Certified Router Support Professional Virtual Circuits

Virtual Circuits
 


Frame Relay provides significant advantages over simply using point-to-point leased lines.  The primary advantage has to do with virtual circuits.

A virtual circuit defines a logical path between two Frame Relay DTEs.  The term virtual circuit describes the concept well.  It acts like a point-to-point circuit, providing the ability to send data between two endpoints over a WAN.  There is no physical circuit directly between the two endpoints, so it’s virtual.

VCs share the access link and the Frame Relay network.  Many customers share the same Frame Relay network.  Originally, people with leased-line networks were reluctant to migrate to Frame Relay, because they would be competing with other customers for the provider’s capacity inside the cloud.  To address these fears, Frame Relay is designed with the concept of a committed information rate (CIR).  Each VC has a CIR, which is a guarantee by the provider that a particular VC gets at least that much bandwidth.

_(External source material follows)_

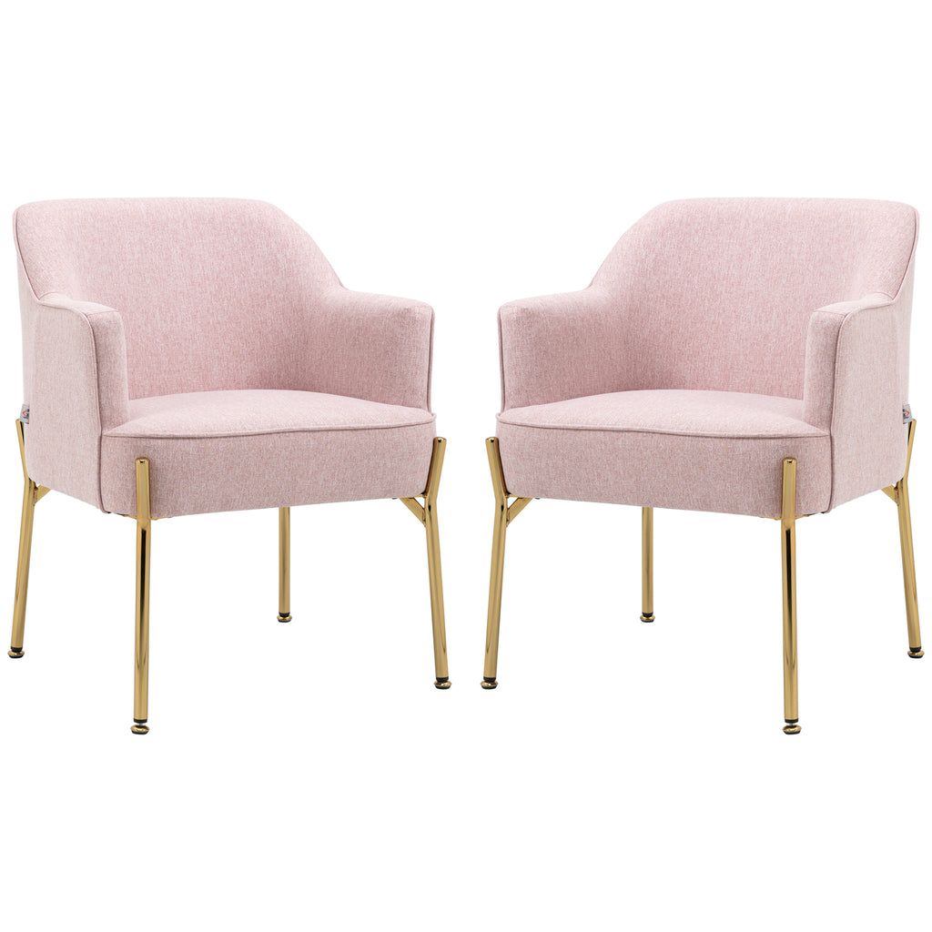 A beautifully simple chair, with a luxe finishing touch: this living room chair. A wide, tub-shaped seat, with high back and arms for support when you lean back; comes with a padded seat for comfort. Its soft pastel shade makes it a delicate addition to your bedroom, hallway and more, which can be mixed into the decor effortlessly. Four steel legs for support, finished in a gold tone for a discreet touch of glam!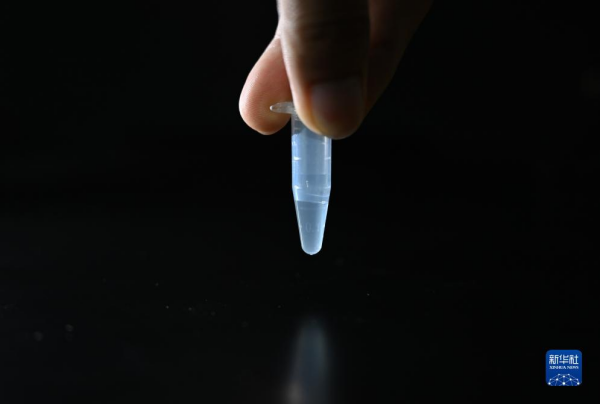 在中国科学院天津工业生物技术研究所实验室拍摄的一份人工合成己糖溶液样品(8月13日摄)。新华社记者 孙凡越 摄

Even with a three-site network, it’s probably less expensive to use Frame Relay than to use point-to-point links.  Imagine an organization with 100 sites that needs any-to-any connectivity.  4950 leased-lines would be required.  The organization would also need 99 serial interfaces per router if it used point-to-point leased lines.  With Frame Relay, an organization could have 100 access links to local Frame Relay switches, one per router, and have 4950 VCs running over them.  You would only need one serial interface / router.

Service providers can build their Frame Relay networks more cost-effectively than for leased lines.  That makes it less expensive for Frame Relay customers as well.  For connecting many WAN sites, Frame Relay is simply more cost-effective than leased lines.

Two types of VCs are allowed – permanent (PVC) and switched (SVC).  PVCs are predefined by the provider; SVCs are created dynamically.  PVCs are by far the more popular of the two.  Frame Relay providers seldom offer SVC as a service.

When the Frame Relay network is engineered, the design might not include a VC between each pair of sites.  A full-mesh Frame Relay network has a VC between each pair of sites.  When not all pairs have a direct PVC, it is called a partial-mesh network.

The partial mesh has some advantages and disadvantages compared to full mesh.  The primary advantage is that partial mesh is cheaper, because the provider charges per VC.  The downside is that traffic from two non-VC’d sites would need to pass through the VC link to the site they are both VC’d to and get routed.

One conceptual hurdle with PVCs is that there is typically a single access link across which multiple PVCs flow.  Since data is coming and going out the same interface, you need to be able to address the location.  To solve this problem, Frame Relay uses an address to differentiate one PVC from another.  This address is called a data-link connection identifier (DLCI).  The name is descriptive: The address is for an OSI Layer 2 (data-link) protocol, and it identifies a VC, which is sometimes called a virtual connection.